Sementara itu, mata Ayu terpusat pada kalung yang dikenakan Senja. Ia mendekati putrinya yang sedang asiknya mencoba baju pemberian Bapak-Bapak yang ditemuinya di sekolah. Ayu mengamati kalung itu dengan seksama.

“Boleh Ibu pinjam kalungnya sebentar?” Pinta Ayu pada Senja yang tak mempedulikan Ibunya.

“O iya Bu, kata Bapak-Bapak tadi, kalung itu untuk Ibu.” Ujar Senja sambil melepaskan kalungnya dan menyerahkannya pada Ayu.

Ketika menerima kalung itu, tangan Ayu gemetar. Badannya lemas, dingin merasuk menembus pori-pori tubuhnya. Matanya berkaca-kaca, tak sanggup menahan beban air mata yang sudah memenuhi kantung matanya. Namun melihat Senja yang dengan tertawa riang di hadapannya, ia mencoba menahan tangisnya. Sesak. Emosinya tertahan tanpa mampu terlampiaskan.

*

Lagi. Di bawah jendela, setelah maghrib saat sinar senja masih tersirat bagai berkas emas di langit, Senja terduduk. Menunggu seseorang. Seseorang yang tak pernah menggendongnya ketika pertama kali ia melihat dunia. Seseorang yang tak pernah menuntun tangannya ketika belajar berjalan.
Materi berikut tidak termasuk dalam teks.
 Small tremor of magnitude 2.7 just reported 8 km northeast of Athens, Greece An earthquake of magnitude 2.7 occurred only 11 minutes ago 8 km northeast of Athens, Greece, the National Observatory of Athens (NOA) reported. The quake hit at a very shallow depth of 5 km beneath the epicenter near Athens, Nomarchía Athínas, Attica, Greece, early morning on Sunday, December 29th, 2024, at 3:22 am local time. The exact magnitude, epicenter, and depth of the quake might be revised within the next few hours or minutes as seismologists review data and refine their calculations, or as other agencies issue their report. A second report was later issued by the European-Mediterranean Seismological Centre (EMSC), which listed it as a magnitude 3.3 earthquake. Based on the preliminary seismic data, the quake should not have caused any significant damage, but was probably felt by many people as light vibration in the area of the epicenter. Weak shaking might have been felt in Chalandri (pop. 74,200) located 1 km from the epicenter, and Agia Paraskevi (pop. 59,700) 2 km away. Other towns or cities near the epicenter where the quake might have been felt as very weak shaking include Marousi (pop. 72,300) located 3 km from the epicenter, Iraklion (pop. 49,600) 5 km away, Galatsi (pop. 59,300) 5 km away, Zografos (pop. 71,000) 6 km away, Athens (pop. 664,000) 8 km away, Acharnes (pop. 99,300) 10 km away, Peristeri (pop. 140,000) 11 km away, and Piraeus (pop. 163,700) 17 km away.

Seseorang yang sampai kapanpun akan selalu di rindukannya meski tak sekalipun ia tahu rupanya.

Pekat mulai menyelimuti desa. Tak ada rembulan. Tentu saja, hari itu sudah masuk bulan mati. Senja bangkit dari duduknya. Melangkahkan kaki kecilnya keluar rumah. Ia ingin menghampiri Ibunya yang sedang duduk di teras. Menikmati gulita yang terkadang menenteramkan jiwa mereka.

“Ibu…” Sapa Senja yang langsung disambut seulas senyum Ibunya.
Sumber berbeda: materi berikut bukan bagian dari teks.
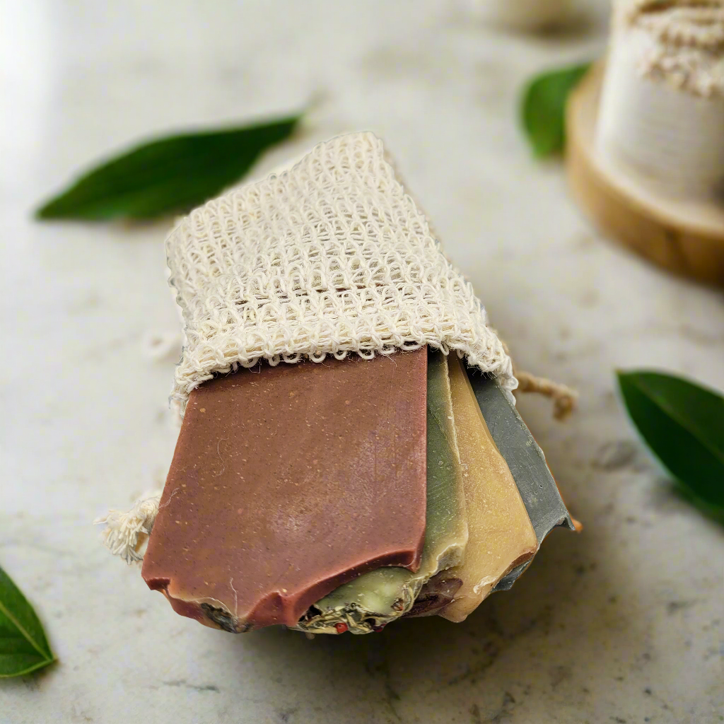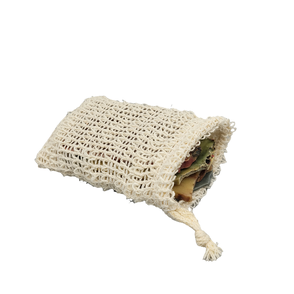 Our Sample Bundle Bag is a great way to try new soap scents without having to dedicate to a whole new bar. Each Sample Bundle Bag is packed with 4 or so soap slices selected at random, and packaged neatly in our soap saver sisal bags. Each Bundle bag has at least 5 ounces of soap slices included and can be used all at once ( if you love chaos), or each sliver can be used one by one in the saver bag, with another slice being added once the other runs low. This is one of our many ways that we reduce our waste by finding a home for the end pieces that are a by product of our soap cutting process.

Kedua Ibu anak itu duduk bersandingan. Berbicara, tertawa, tak mempedulikan kegundahan yang menggelayuti pikiran masing-masing. Bagi Ayu, jika memang suaminya tak akan pernah kembali, ia pasrah. Ia akan tetap mencintainya seumur hidupnya. Ia bersyukur bahwa Fajar telah menghadirkan Senja dalam hidupnya. Hingga ketika ia kehilangan sinar di pagi hari, masih ada keindahan sore yang menyambutnya. Keindahan "senja" di langit biru.
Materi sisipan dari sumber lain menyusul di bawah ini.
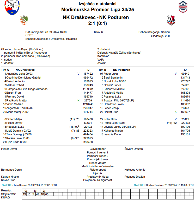 Draškovec je nakon preokreta pobijedio goste iz Podturena. Pred velikim brojem gledatelja na Zelenišću su sačuvali sva tri boda. Krenulo je bolje za goste koji su poveli pogotkom Josipa Lepena koji je iskoristio grešku domaćih igrača u 15. minuti utakmice. Na radost domaćih navijača najbolji strijelac lige Diego je na početku drugog dijela poravnao rezultat na 1:1, a 65. minuti uslijedio je potpuni preokret kada je Vedran Vinko zabio za 2:1. U nastavku su gosti iz Podturena promašili dvije izgledne prilike pa je rezultat ove žive i borbene utakmice ostao na strani Draškovca.

Tak jauh dari tempat mereka bercengkerama, sosok tegap mengintai dari balik pohon. Wajahnya nampak lebih kurus dibandingkan sepuluh tahun lalu. Lelaki itu berjalan perlahan, tetapi baru beberapa langkah ia mengurungkan niatnya. Ia berbalik, terus berjalan menjauh dari apa yang sejak tadi di amatinya. Lalu tenggelam di antara kegelapan.